See also an interesting video about how sew a sweatshirt with a hood:

You can download a blouse pattern for a girl for free at the desired size using the following links:

* As a result of payment, a file with a pattern is automatically sent to the email address you specified. If the file has not arrived, then you need to check whether you entered the correct postal address when paying. In any case, if you do not receive the pattern, you do not need to pay again, just contact immediately at [email protected]

**You can offer your payment option in the website feedback

Patterns are given without seam allowances.

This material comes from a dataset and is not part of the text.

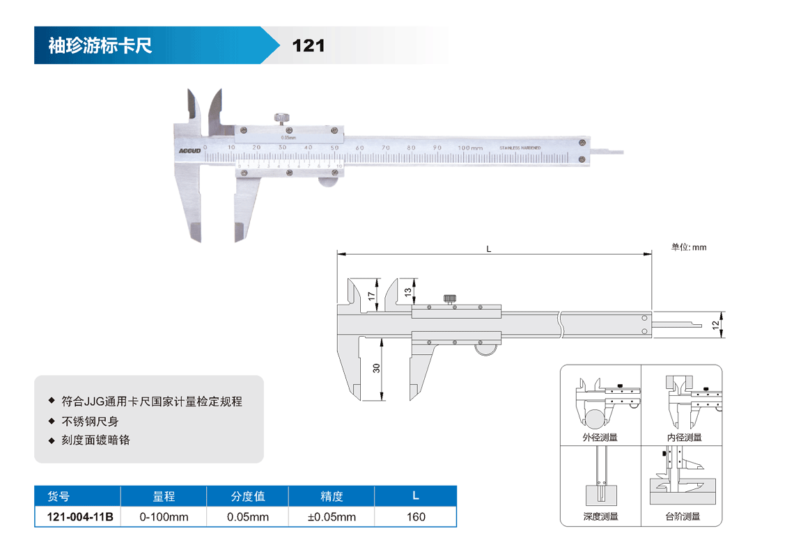 簡短描述: ? 符合JJG通用卡尺國家計(jì)量檢定規(guī)程 ? 不銹鋼尺身 ? 刻度面鍍暗鉻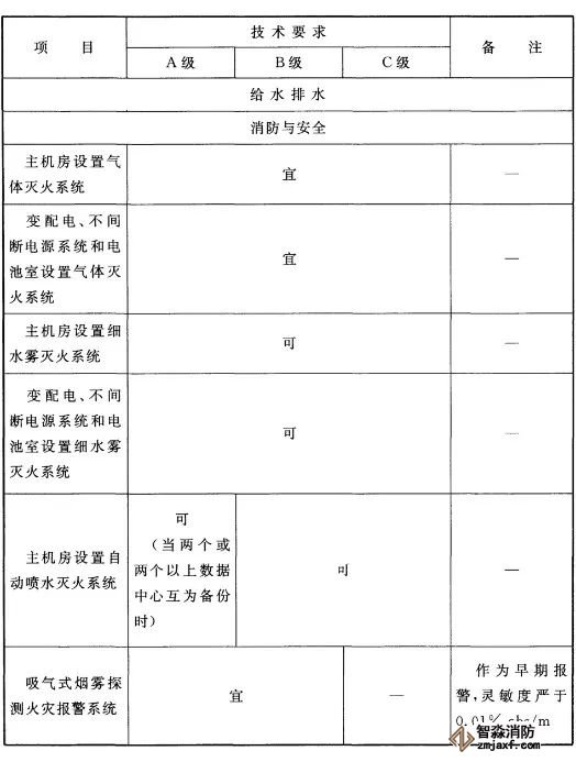 1、數(shù)據(jù)中心防火和滅火系統(tǒng)設(shè)計(jì)應(yīng)符合現(xiàn)行國家標(biāo)準(zhǔn)《建筑設(shè)計(jì)防火規(guī)范》GB 50016、《氣體滅火系統(tǒng)設(shè)計(jì)規(guī)范》GB 50370、《細(xì)水霧滅火系統(tǒng)技術(shù)規(guī)范》GB 50898和《自動(dòng)噴水滅火系統(tǒng)設(shè)計(jì)規(guī)范》GB 50084的規(guī)定,并應(yīng)按下表1的技術(shù)要求執(zhí)行。

Allowances: add 1.5 cm to the seams and all cuts, 1-2 cm to hem the bottom.

cutting:

1. shelf-2 children

2. backrest-1 children. With a fold

3. sleeve - 2 children

4. collar with a fold - 2 children

5. collar stand with fold - 2 children

6. cuff-2 children

7. mold-2 children

8. plank shelves-2 children

Duplication with a gasket:

Shelf placket - completely both parts, 1 collar and 1 collar stand

Sewing:

  • Back, shelf, shelf strap.

Stitch darts on the back. Depths iron to the line of the middle of the back. Duplicate the planks of the shelves with an adhesive pad and iron them evenly in half along the entire length. When cutting the details of the mold, pay attention to the direction of the shared thread. Process the details of the mold with a rolled seam on an overlock or a Moscow seam, iron. Pin the finished mold to the shelves. Expand the shelf bar and pin face to face to the shelf. Stitch. Do not forget that in this case the bottom of the bar must match the length of the shelf. We iron the seam ON the side of the bar. We process the second long side of the strap with an overlock, fold along the ironed middle to the wrong side, pin and sew. We do the same on the second shelf. At this stage, the straps can be additionally stitched with front side. Stitch side and shoulder sections. Overlap the seam allowances and iron ON the back.

  • Collar.

Stitch doubled and non-doubled collars face to face. We will have a duplicated collar at the bottom, not duplicated at the top. We cut off the allowances of the duplicated collar close to the line (not reaching the line 1-3 mm). We cut the allowances of the upper non-duplicated collar on the roundings of the collar. We turn the collar on the face, gently straighten it with our fingers. We iron it so that the upper non-duplicated part has a slight “influx” on the lower collar. This is necessary so that during operation the upper collar does not pull up the lower collar. Our collar at this stage is ready. Put the finished collar between two collar posts, chop off, stitch. Don't forget that the duplicated collar stand should be on the side of the duplicated collar! You need to combine the parts starting from the middle, then we get a strictly symmetrical part as a result. We cut the allowances of the duplicated collar stand close to the line, the rest is notched on the roundings, turned inside out, and smoothed. We pin the non-duplicated collar stand face to face to the product. You need to start from the middle. The mark on the collar stand must match the shoulder seam on the product. We grind. We iron the connection seam ON the collar stand. We tuck the duplicated collar stand, pin it and sew it to the product.

  • Sleeves.

On each sleeve lay soft folds according to the markup. Sew the seams of the sleeves. Because cuffs without buttons are provided in this model, cuffs are not duplicated. I propose to cut them out of knitwear such as butter. We fold the cuffs in half face inward and grind a short cut on the overlock. Turn it right side out and fold the ring in half. We sew the cuff face to face to the bottom of the sleeve, process the cut with an overlock and iron it on the sleeve. We sew the head of the sleeve at the distance of the allowance with a line with the longest stitch length. We combine the middle of the sleeve with the shoulder seam on the blouse, we combine the side marks of the sleeve with the marks on the shelf and back. Gently tighten the ends of the thread - this will immediately show how much you need to gather the sleeve so that it sits in the armhole. Gently straighten, pin and sew the sleeve into the armhole. We remove the tightening thread, we process the sections of the sleeve and the shelves taken together with an overlock.